A URI is a structured sequence of characters that identifies a resource (such as a file) on the Internet. URI lists generated by web server logs and hypertext transfer protocol (HTTP) form submissions are a common input for text analysis functions.
URI syntax is defined by the Internet Engineering Task Force (IETF). The following table describes the key components of a hierarchical URI. The examples in the table are from this URI: https://www.google.com/webhp?p1=chrome&p2=hello%20world&p3=UTF-8#fragment1
Component | Example |
---|---|
scheme | https |
host | www.google.com |
path | /webhp |
query | ?p1=chrome&p2=hello%20world&p3=UTF-8 A query starts with a question mark (?).
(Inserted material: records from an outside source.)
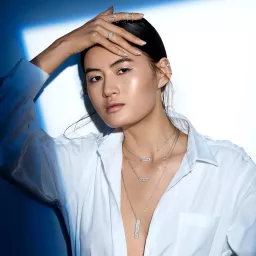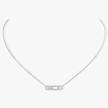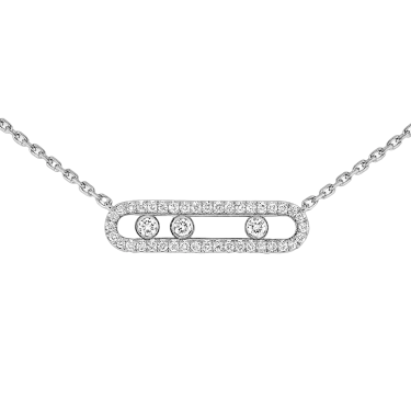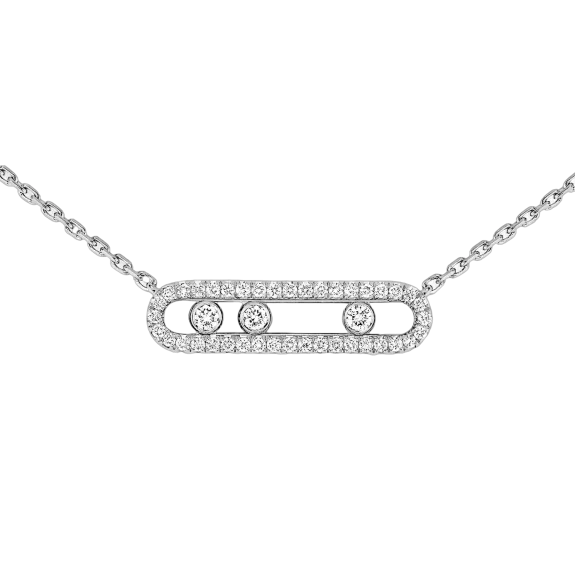 Discover the 18 carat white gold pavé diamond necklace Baby Move. This luxury necklace fully handcrafted will set down at the neckline with finesse. Any woman who seek for a trendy diamond jewel, easy to wear will love it: the three moving diamonds, symbols of the love of yesterday, today and tomorrow, shine according to one's movements. The fine setting echoes back the purity of the stones. The white gold reflects the light enhancing the purity of the diamonds. A chic detail on this white gold diamond necklace : the adorning diamonds on the chain.
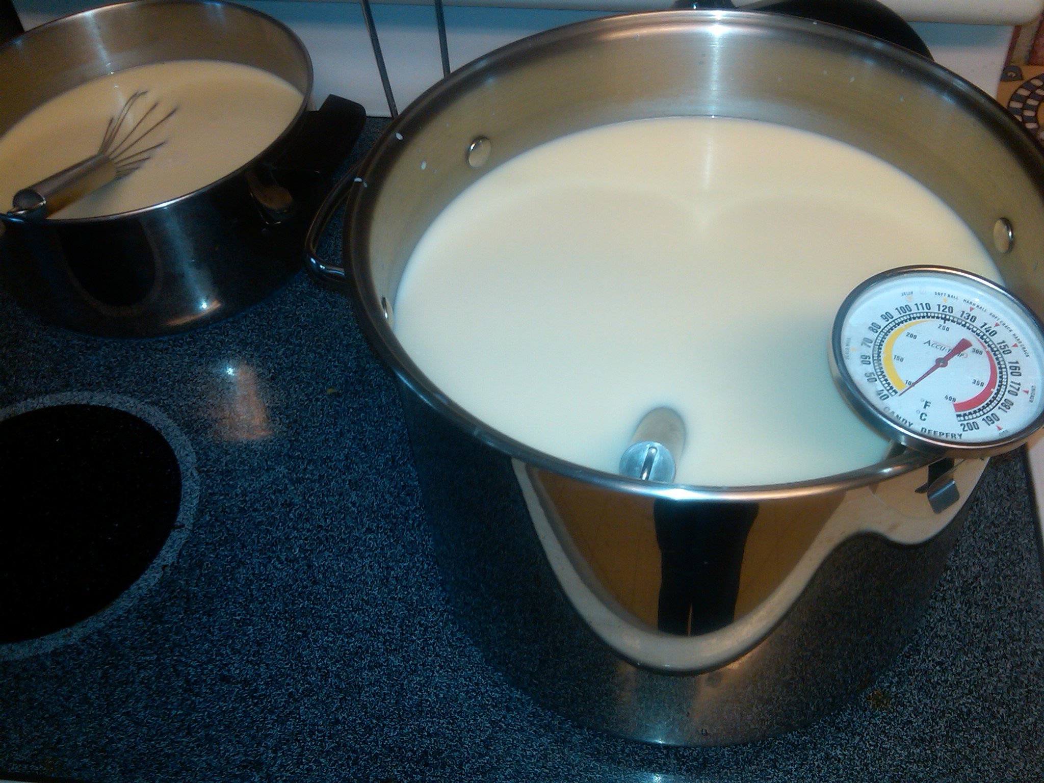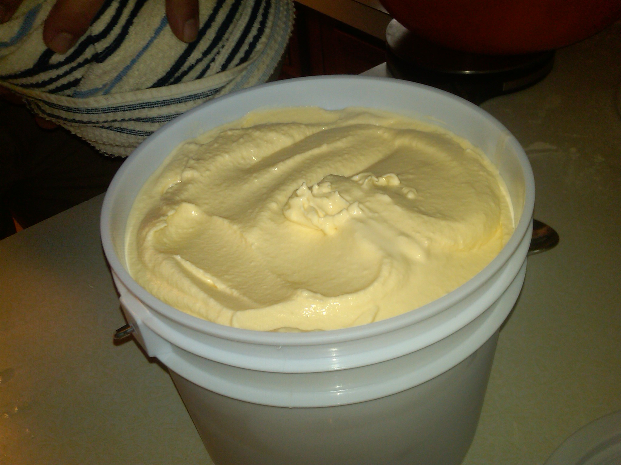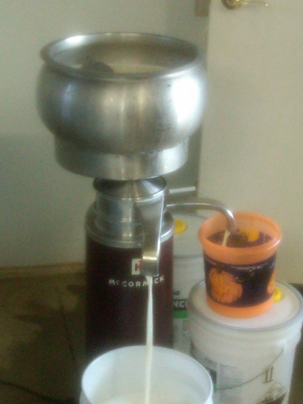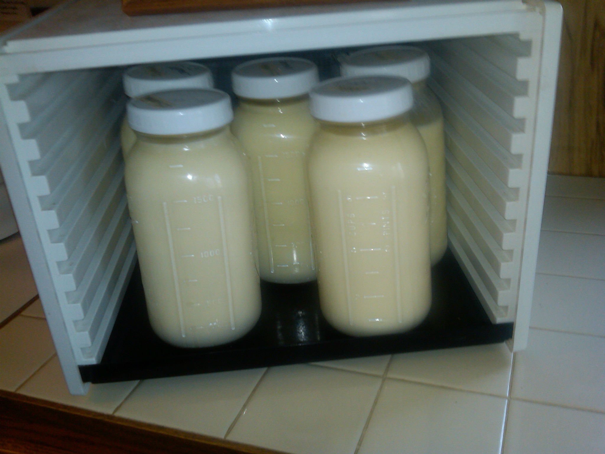 We place the broth in large bowls with lids & let them sit a day or two in the fridge. By then, the fat has solidified on top, and it’s easy to remove the fat layer & begin pressure canning the broth.
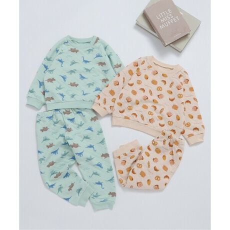 apres les cours(アプレレクール)のパジャマ「パン&恐竜モチーフキルトパジャマ」は、おうち時間が楽しく快適になるような着心地とデザイン。お気に入りデザインを選んで、おやすみタイムを過ごしましょう*
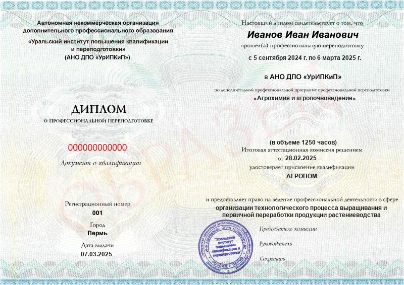 Да, дипломы и удостоверения оформляются в соответствии с действующим законодательством РФ. Документы печатаются на специальных бланках, заверяются печатью АНО ДПО «УрИПКиП».
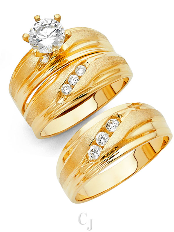 - His and her 14K Gold 3 Piece cubic zirconia wedding rings featuring a complete three ring matching wedding set including engagement ring and mens and ladies matching wedding bands.
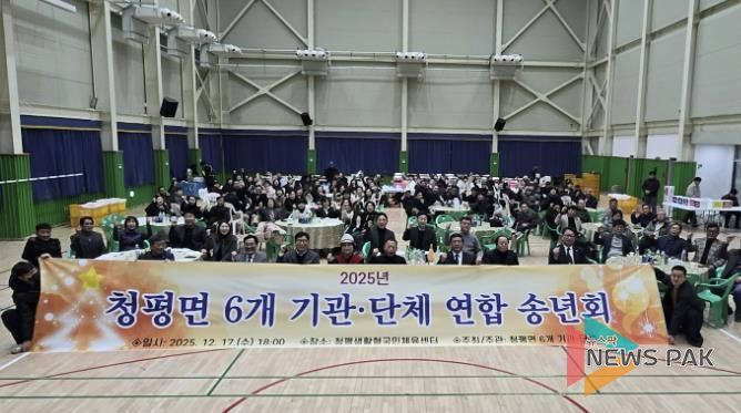 뉴스팍 배상미 기자 | 가평군 청평면은 지난 17일 청평생활형국민체육센터에서 ‘2025년 청평면 6개 기관·단체 연합 송년회’를 개최하고 한 해를 마무리하는 시간을 가졌다.
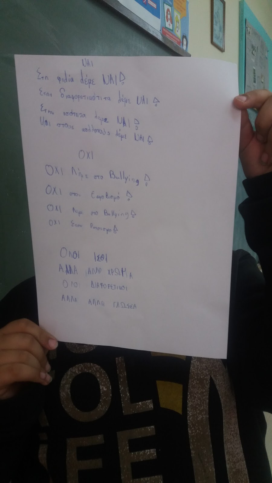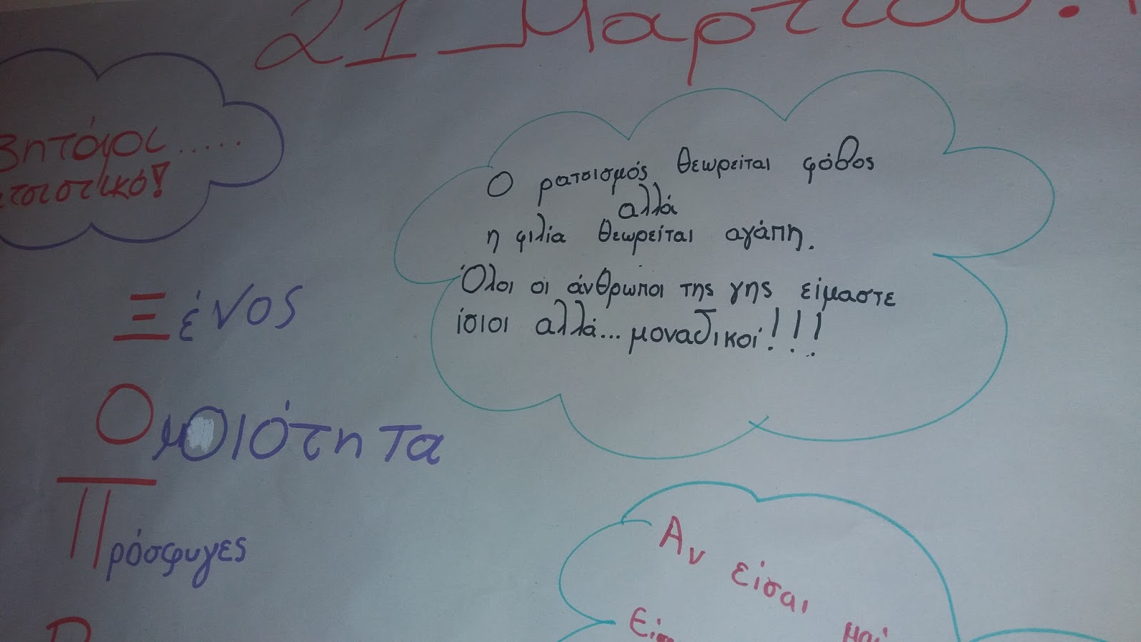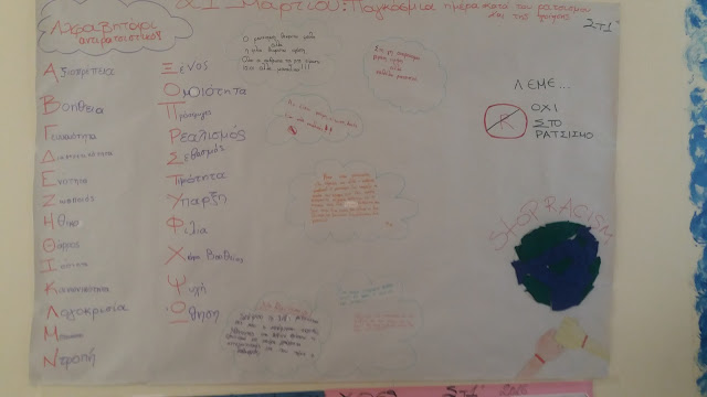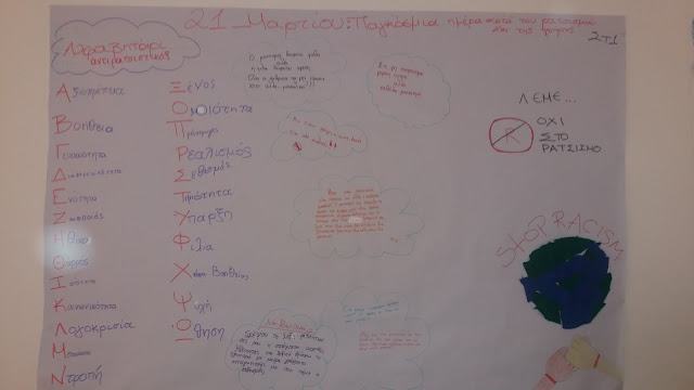 Με αφορμή την παγκόσμια ημέρα κατά του ρατσισμού και της ποίησης , έπειτα απο προβολή κάποιων βίντεο ευαισθητοποίησης και ανάγνωση διάφορων σχετικών κειμένων, δημιουργήσαμε έναν πίνακα συναισθημάτων. Συνδυάζοντας τις δύο παγκόσμιες ημέρες γράψαμε τα δικά μας ποιήματα για τον ρατσισμό. Γνώμεις και σκέψεις ενώθηκαν και …το αποτέλεσμα σας το παρουσιάζουμε παρακάτω!!!!
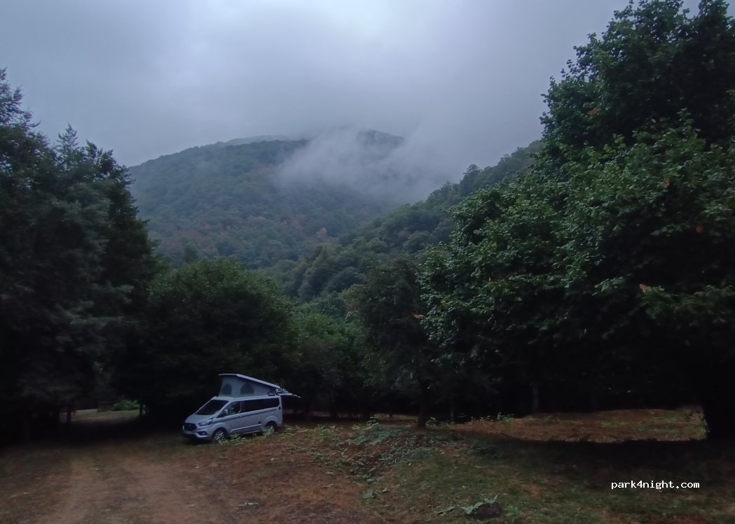 Dormimos cerca del refugio. El lugar es espectacular, aunque no hay casi nada a nivel. Recomendable solo para furgonetas no muy grandes. Único servicio: contenedores de basura y el agua de los arroyos que lo circundan. Punto ideal para conocer el hayedo de Tobia en una agradable excursión.
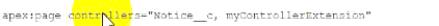 How is a controller and extension specified for a custom object named "Notice" on a Visualforce page?
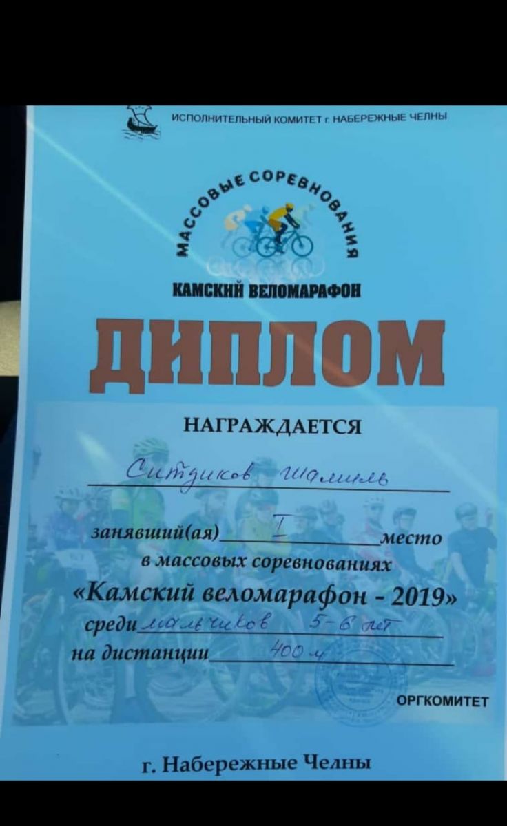 Сегодня прошел традиционный спортивный праздник «Камский веломарафон» на набережной Ф.Табеева выступали дети: Ивахненко Александр (8 гр.), Хасаншин Рамзан, Габдрафиков Ратмир (10 гр.), Певнев Ярослав, Ситдиков Шамиль, (12 гр.). соревновались на дистанции 400 и 100 м.
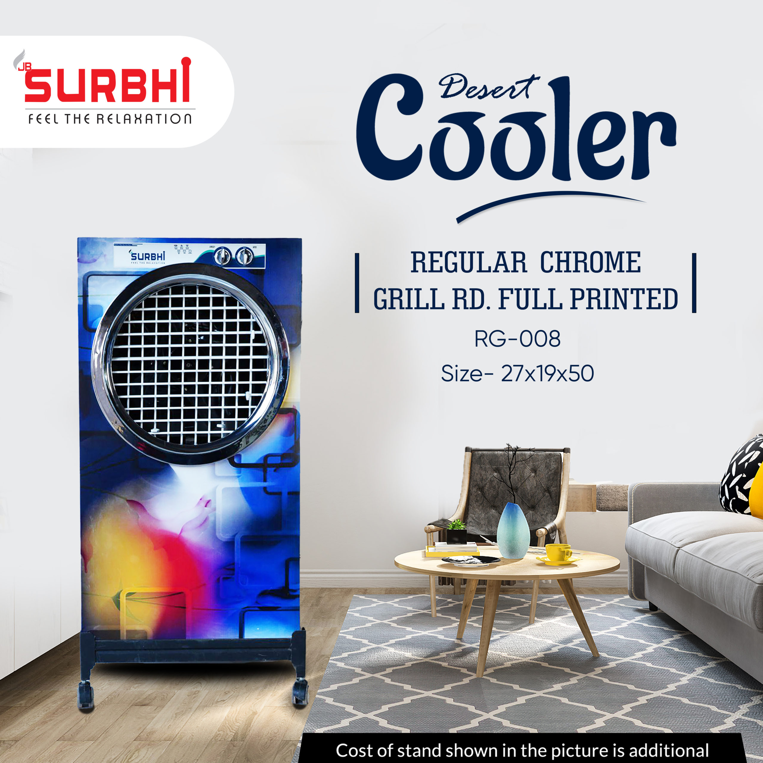 Stay cool in style this summer with the Surbhi Reg Cooler with Round Chrome Frame, Fully Printed Body, and 18 inch Exhaust Fan. The cooler’s round chrome frame not only enhances its aesthetic appeal but also ensures durability and longevity. The fully printed body of the cooler features a stylish and attractive design that is sure to complement any room in your home. With its powerful 18-inch exhaust fan, the cooler can quickly and efficiently cool down even the hottest of rooms. The user-friendly controls and durable construction make it easy to operate and maintain, making it an ideal addition to your home. If you’re looking for a stylish and efficient cooling solution, the Surbhi Reg Cooler with Round Chrome Frame, Fully Printed Body, and 18 inch Exhaust Fan is the perfect choice.

An ampersand (&) precedes each query parameter. Here, the query parameters are p1, p2, and p3. Their values are chrome, hello%20world, and UTF-8, respectively. %20 represents a space character. |
fragment | #fragment1 |
A URI can contain the US-ASCII characters for the lowercase and uppercase letters of the English alphabet and the Arabic numerals. Any character outside this character set is percent-encoded; that is, converted to a sequence of the form %hh, where h is a hexadecimal digit. In a query, the space character is encoded as %20. For example, "San José" is encoded as "San%20Jos%C3%A9". Outside a query, the space character is encoded as the plus character (+). For example, "San José" is encoded as "San+Jos%C3%A9".